The thickness of the alluvial deposits decreases to the south, and at the northern border of the proposed area, there is less than 10 ft of sand and gravel overlying the lacustrine fines. Well OD3219 at the northwestern corner of the proposed area penetrated sand and gravel with silt from 0 to 7 ft bls; silt with many sand stringers from 7 to 10 ft bls; and massive silt with some sand and gravel stringers from 10 to 17 ft bls. The SPT–N values at the well site indicate that the lacustrine fines were soft to very soft (fig. 26). The unconfined compressive strength of the sediments at 12.5 to 14 ft bls was 481.5 lb/ft² and that at 14.5 to 16 ft bls was 905.7 lb/ft² indicating very soft to soft soils. During 2022–23, the hydraulic head measured in the well, which was screened from 2 to 7 ft bls, ranged from 0.9 ft als to 1.5 bls. Maximum specific conductance of groundwater sampled from the well was 680 µS/cm. The estimated hydraulic conductivity of the screened sediments was 10 ft²/d.

The electrical conductivity along the western border of the proposed basin indicates that the alluvial deposits become thinner and finer grained between well OD3219 and test pit OD1999, and that the maximum depth to freshwater saturation is about 5 ft bls. Test pit OD1999 was excavated into topsoil from 0 to 2 ft bls; brown silty clay with small pebbles from 2 to 4 ft bls; wet brown silty clay with rounded pebbles and cobbles from 4 to 5 ft bls; gray silty clay from 5 to 7 ft bls; gray silty clay with trace pebbles from 7 to 9 ft bls; and gray clayey silt with very fine to fine sand (appears to be liquefiable) from 9 to 10 ft bls (fig. 27). A grab sample of the lacustrine fines from 5.5 ft bls had a moisture content of 52.3 percent, liquid limit of 51 percent, plastic limit of 32 percent, plasticity index of 19, and liquidity index of 1.1 (table 3).

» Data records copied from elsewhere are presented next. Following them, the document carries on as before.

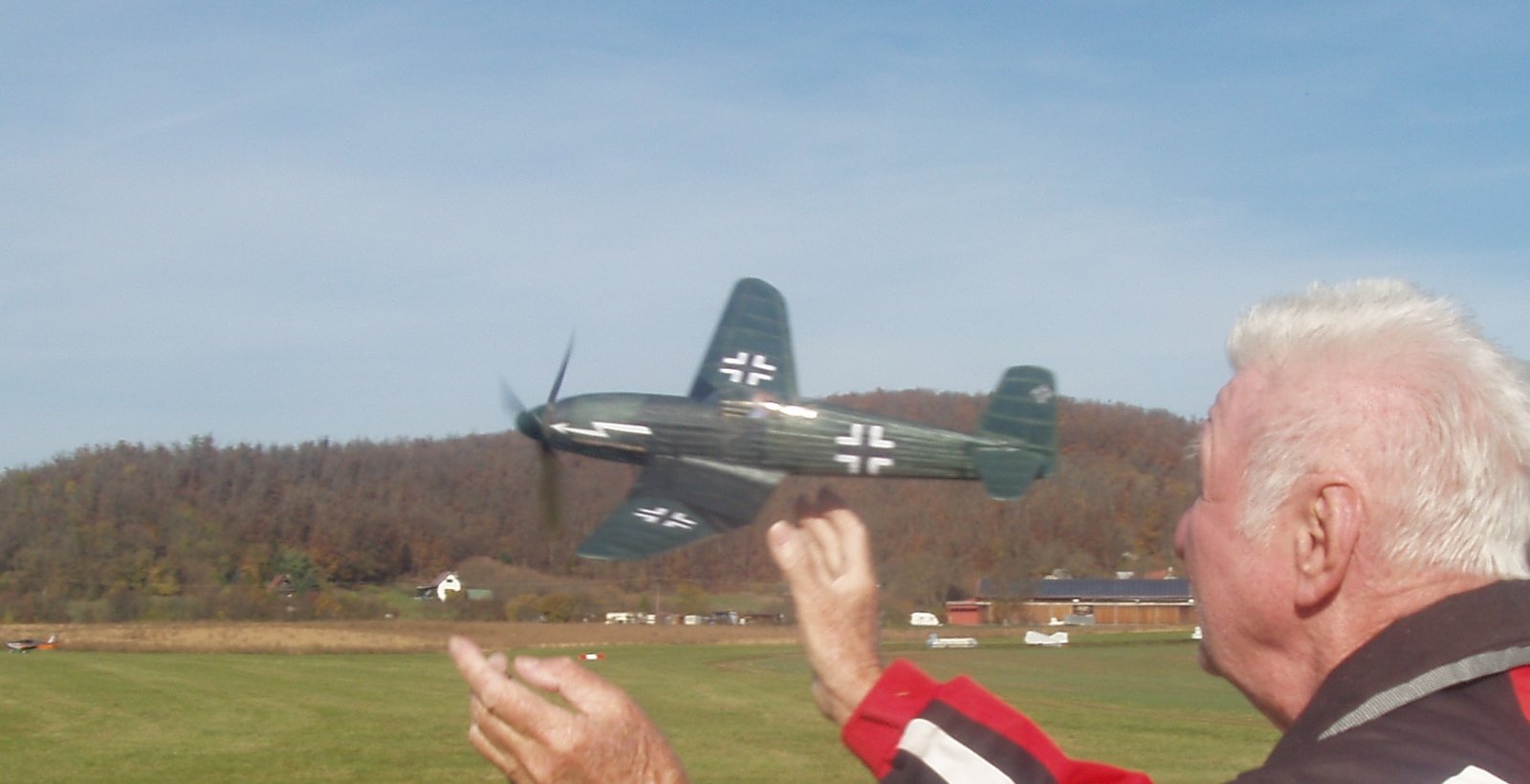 Včera byl krásný den, teplo, slunečno a bezvětří. Dnes ráno opět bezvětří, ale mlha a chladno. Přesto jsem do bedny nachystal dvacetinky He-100 D-0 a FIAT CR 42 DB a vypravil se na letiště Medlánky hned ráno trolejbusem dokud nefiuká (Petr má vycházky odpoledne a to již má foukat 2 m/s).Na letišti byli 2 RC modeláři a jeden se mnou spolupracoval na focení, První šel na plac He-100 na 1000 otáček krásné lety a přistání až na poli. Daří se pár záběrů i s mým starým Olympusem, kde focení není snadné, pak on bere svůj mobil a je to snažší. FIAT ze začátku silně houpe, po natlačení VOP se daří pár letů, Mám slíbeno, že večer dostanu vše e mailem. Pokládám Fiata na stůl a jdu si znovu zalétnout He-100, hezký let, vracím se a Fiata na stole nevidím. On přišel první závan větru asi 2m/s a ten model shodil dolů přímo na nějaké prkno tak, že horní křídlo je zase odtržené z kozlíku, některé vzpěry polámané, jiné odtržené. Čeká mne ošklivá oprava,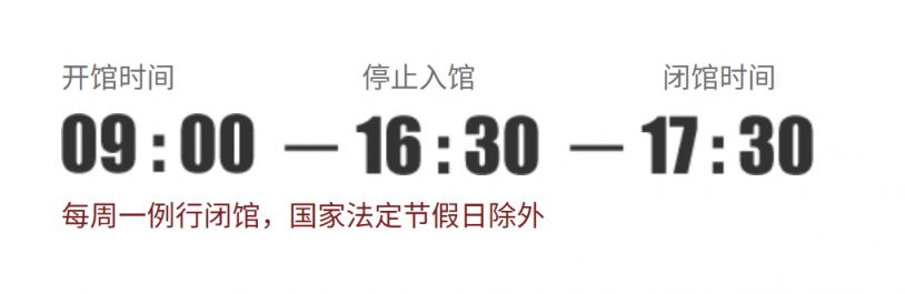 本馆每日9:00—17:00(16:00停止入馆),周一闭馆(法定节假日除外)。观众需求高峰期6月1日至10月31日延长开放至17:30(16:30停止入馆)。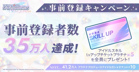 - 事前登録者数は35万人を突破し、35万人達成を記念してアイドルスキルLvアップチケットプラチナ ×5がプレゼントされる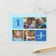 Convite de aniversário quadrado para foto de bebê ou criança. Celebre o aniversário do seu filho com fotos fofas deles neste cartão postal personalizado com quadrados azuis adoráveis. Adicione o nome e a idade deles.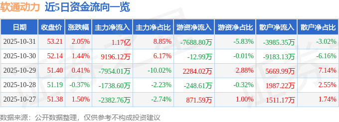 证券之星消息,截至2025年10月31日收盘,软通动力(301236)报收于53.21元,上涨2.05%,换手率3.19%,成交量24.95万手,成交额13.19亿元。

The electrical conductivity along the middle part of the proposed area from test pit OD1999 to test pit OD1998 indicates (1) the presence of only very thin alluvial deposits, which are primarily fine grained, overlying the lacustrine fines and (2) the depth to freshwater saturation shallows from west to east. The localized electrical conductivity in this section is probably related to the pipeline and not due to the presence of brackish groundwater. Shear-wave velocities determined from seismic lines L21, L19, and L20 are consistent with the fine-grained character of the sediments. Test pit OD1999 was excavated into topsoil from 0 to 1 ft bls; brown clay from 1 to 6 ft bls; saturated gray silty clay and gravel with rounded small pebbles from 6 to 7 ft bls; gray silty clay with trace pebbles from 7 to 9 ft bls; and gray clayey silt with very fine to fine sand (appears liquefiable) from 9 to 10 ft bls (fig. 25). Grab samples of the fines from 2.5 ft bls had a moisture content of 17.5 percent, liquid limit of 34 percent, plastic limit of 22 percent, and plasticity index of 12. Well OD419 near New York State Route 11A penetrated silt from 0 to 7.5 ft bls; clay from 7.5 to 13.5 ft bls; silt from 13.5 to 19.5 ft bls; sand from 19.5 to 25 ft bls; gravel from 25 to 26.5 ft bls; sand from 26.5 to 31.5 ft bls; silt from 31.5 to 36 ft bls; and grayish bedrock from 36 to 42 ft bls. The well was difficult to grout up when it was decommissioned because of flowing artesian conditions.

Excavation, berm construction, and loading of the saturated, soft to very soft deposits underlying the proposed offline settling basin area may be problematic. Soil strengthening may be needed during the construction of the proposed basin.